10 lessons from a 2nd grade field trip
My kids are always begging me to go on their field trips. Being a working mom can make this a challenge, but I do all I can to find ways to volunteer a few times a year. I got that chance yesterday.
The school’s theme this year is “Making a difference”. So, on this day we were walking from the school to a nearby public park and open space to pull weeds and pick up trash.
Full disclosure, other than knowing how thrilled my 7-year-old daughter would be, I was not looking forward to it. I was exhausted after getting only 3 hours of sleep and getting up at 3 a.m. to work. But I was not going to let her down. Having her jump into my arms when I arrived at school saying “MOMMY!” was worth drained headache I knew I would have all day. She loves it when I come to school.
We took off on our trek across the busy commercial area to the park and I was assigned the job of the “caboose”. Miss Valenti, our second grade teacher was the “line leader”.
My mood was a little hurried and I felt impatient, I couldn’t get the herd of twenty one 7 year olds to stay on the same block. I told myself to hang in there, absorb the time with the kids and not worry about my phone, work and the grocery shopping I needed to do for dinner.
Within minutes I realized that I had to be present for these kids, for their fun and for their safety. And then I got my first lesson…
“Miss Tysdal, can I carry that backpack for you?” One of the kids was collecting everyone’s backpack and being a “backpack pack rat”. I was touched and I obliged. She was so cute with her small frame and 10 backpacks over her shoulder.
Another little girl had her leftover lunch out on the walk. She was tired and couldn’t keep up because she hadn’t finished lunch at school. Everyone wanted her wheat-thins. She ate a few and handed out the rest.
Then the little boy who insisted on being the “caboose” himself even though I was supposed to be sure they all were ahead of me. He wanted to lag behind so he could do something I told him not to do. He stopped every 5 feet to scan the grass for his favorite “trash”. He would carefully take his baggy and was set on fulfilling his mission that day to pick up dog poop. Needless to say, I wasn’t thrilled but I let him do it. I found a trash can for him but he said, “no I want to carry it, I like the way it smells”. Two minutes later I had a bag of poop hit my head. I found the nearest trash can myself. I couldn’t help but wonder if this is what I have in ahead with a 2-year-old son.

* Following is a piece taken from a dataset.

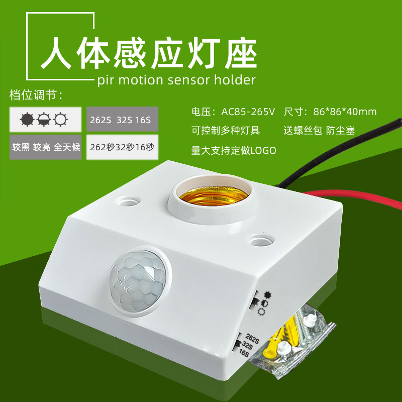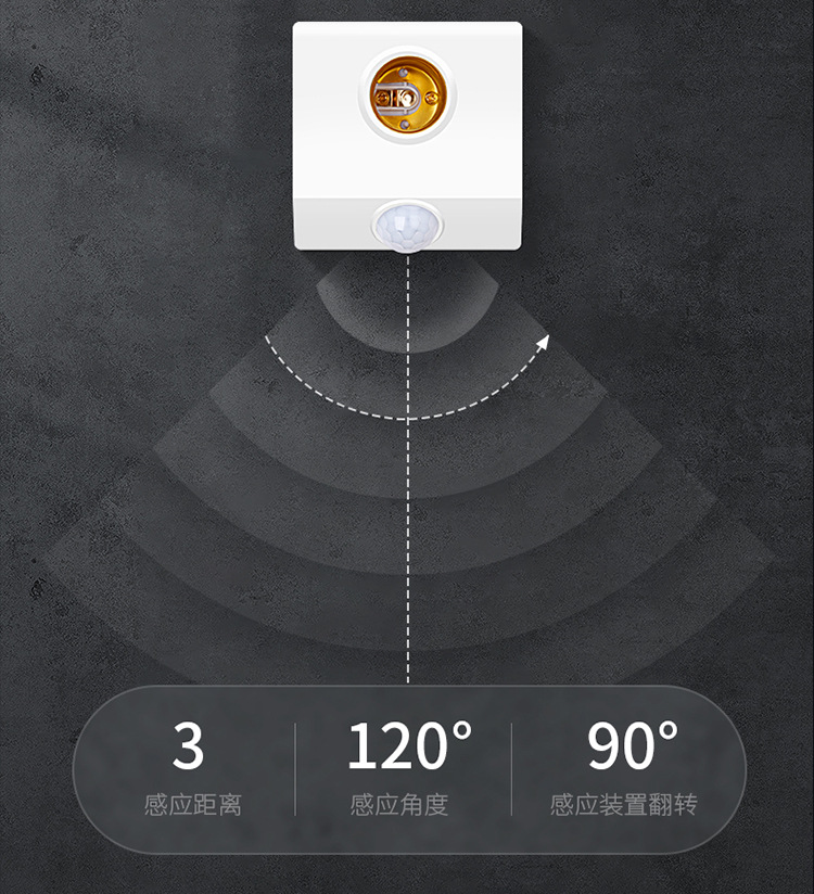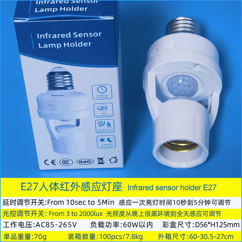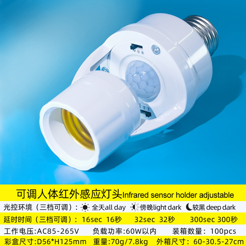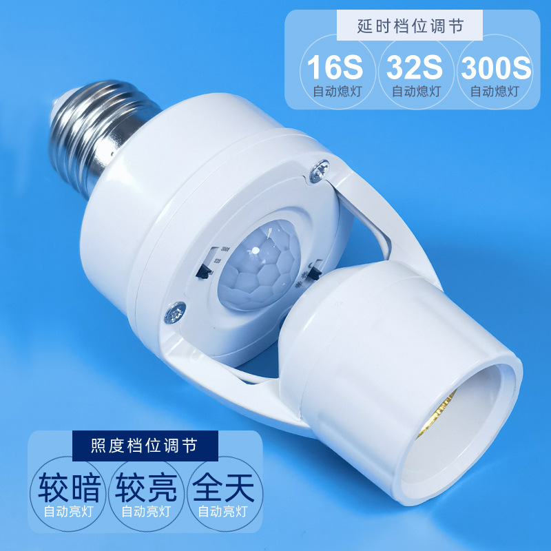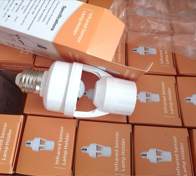 표면 장착형 적외선 인체 감지 스위치 램프 홀더, 복도 조명 제어 E27 램프 홀더, 사람 감지 시 점등, 조절 가능한 LED 램프 홀더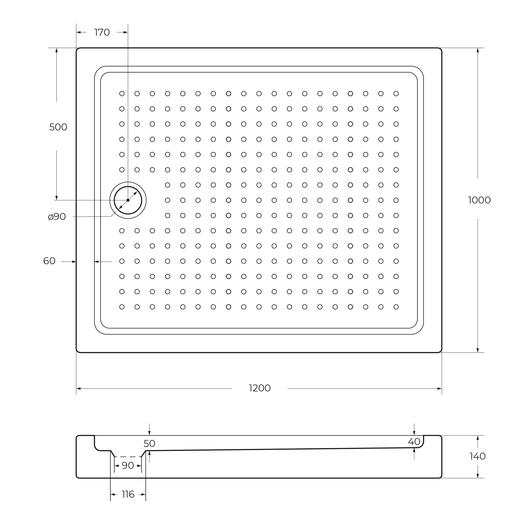 Акриловый поддон Cezares 1200х1000 мм, белый (TRAY-A-AH-120/100-15-W) Акриловые поддоны CEZARES изготовлены из 100% сантехнического акрила – литьевого PMMA, что обеспечивает легкость и простоту ухода, безопасность при приеме душа благодаря нескользкой поверхности, стойкость к царапинам и окрашивающим жидкостям, а при необходимости – идеальную ремонтопригодность. Усиленное дно поддона и металлический каркас из нержавеющей стали с регулируемыми во высоте ножками позволяют выдерживать нагрузку свыше 250 кг. Сочетание используемых материалов и современных технологий производства гарантирует сохранение внешнего вида и функциональности поддонов CEZARES долгие годы. Сифон поддона обеспечивает скорость стока воды 30 л/мин.

And when we got to the park, the weeds were pulled with gusto and ambivalence. I’ve never seen kids so happy to do a chore!! I asked them to stop at my house for a 10 minute weed pulling session but no one liked that idea.
My daughter’s teacher was so patient. She amazed me with her skills as a teacher. I stopped more than once to watch her interact. I have such appreciation for those who can reach the hearts of children. She has that gift.
There was the typical fight over toys or this time, tools. One student upset because her partner wasn’t sharing the trowel and she wanted to dig! They had a few words but when we returned to class I saw her write a note and fold it up. The note read, “ I’m sorry I was mean. I was just mad. Will you be my friend?”. I wanted to cry when I saw her hide it in her friend’s desk and walk away only to watch from the other side of the room.
And the student who couldn’t “hold it’ on the long walk and came back walking funny and trying to hide her accident so the other 2nd graders wouldn’t know. I took a detour on the way back to class to stop in the school office. A change of clothing and a ziplock to take home some wet khakis and it was like nothing happened.
When we got home after school I was tired but emotionally fulfilled. I went through the lessons I learned that day. And to think, I almost took a nap instead.
- Making a difference feels good
- Be more present and put away the phone
- Use patience like a second grade teacher
- Carry someone else’s load every once in a while
- Always forgive even it’s easier to do in a folded up note
- Always eat lunch
- Share your trowel
- Don’t lag behind
- Prepare ahead so you don’t have “accidents”
- Don’t throw poop
Thanks kids. I loved spending the afternoon with you!